So ya notice anything different between these two images?

versus

How about now?

versus

Golly! The reason for the “jaggies” is because I only used one ray per pixel. As I step pixel by pixel and row by row (image space), I’m also stepping in world space.

The image space goes from (0,0) to (w,h) and my world space goes from (-0.5,-0.5) to (+0.5, +0.5). In this case w=h=size cuz I wanted to make square images.

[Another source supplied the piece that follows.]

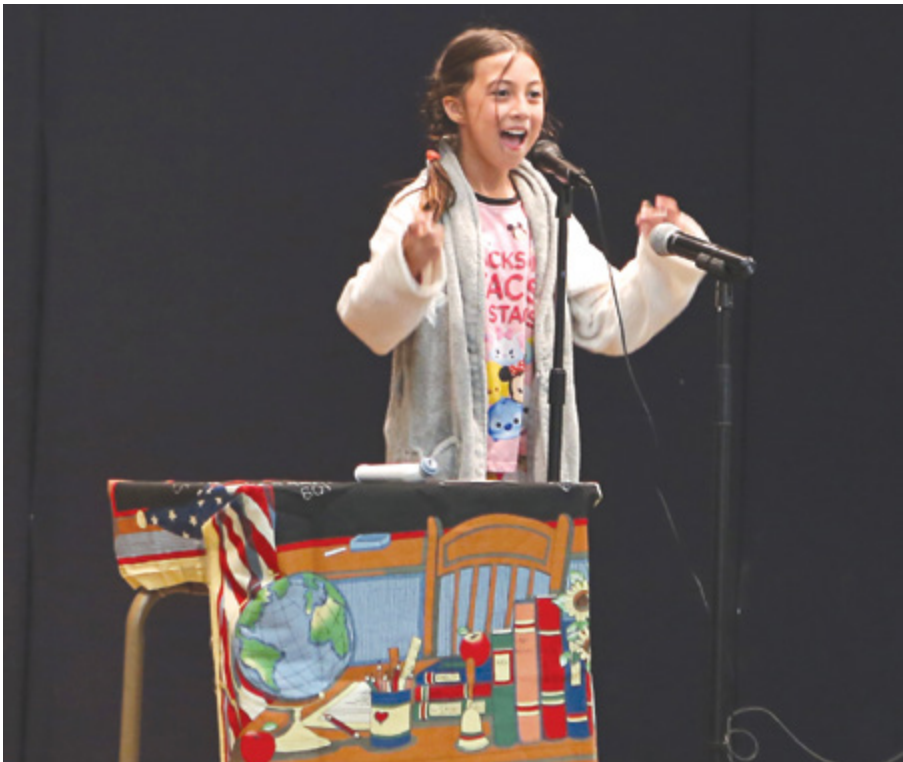
Third grade student performing Sick by Shel Silverstein.

Udderwize, I’d use an x_inc and a y_inc…

Here is what the main loop looks like:

    public RenderedImage traceBall( Settings settings, BufferedImage image ) {
        double size = settings.getSize();

        double x = -0.5;
        double y = -0.5;
        double inc = 1 / size;

        Pt start = new Pt( -0.5, -0.5, 0 );
        Pt stop = new Pt();

        for ( int i = 0 ; i < size ; i++, y+= inc ) {
            x = -0.5;
            start.setY( y );
            for ( int j = 0 ; j < size ; j++, x+= inc ) {
                start.setX( x );
                stop.copy( start );
                stop.setZ( -1 );
                image.setRGB( 
                      j
                    , i
                    , this.traceRay( start, stop, settings ).getRGB()
                );
            }
        }
        return image;
    }

The traceRay routine will use 1 of three implementations depending on the settings: simple (1 ray, no light), light (1 ray, 1 light) or accumulate(n^2 rays, 1 light).

Accumulate just steps from (x,y) to (x+inc,y+inc) in (inc/n) steps:

   public Rgbank accumulate_traceRay( Pt start, Pt stop, Settings settings ) {
        Rgbank accum = new Rgbank( 0, 0, 0, 0 );
        double size = settings.getSize();
        double inc = 1 / size;
        double sub_div = settings.getRays();
        double sub_inc = inc / sub_div;

        double xend = start.getX() + inc;
        double yend = start.getY() + inc;

        Pt start_sub = new Pt( start );
        Pt stop_sub = new Pt( stop );

        for ( double y = start.getY() ; y < yend; y+= sub_inc ) {
            start_sub.setY( y );
             stop_sub.setY( y );

            for ( double x = start.getX() ; x < xend ; x+= sub_inc ) {
                start_sub.setX( x );
                 stop_sub.setX( x );

                Rgbank color = this.light_traceRay( start_sub, stop_sub, settings );
                accum.add( color );
            }
        }
        
        Rgbank color = new Rgbank( accum );
        color.divide( sub_div * sub_div );
        return color;
    }

And that’s all there is too it! At this point RayBall.java contains the complete listing, but no more spoilers…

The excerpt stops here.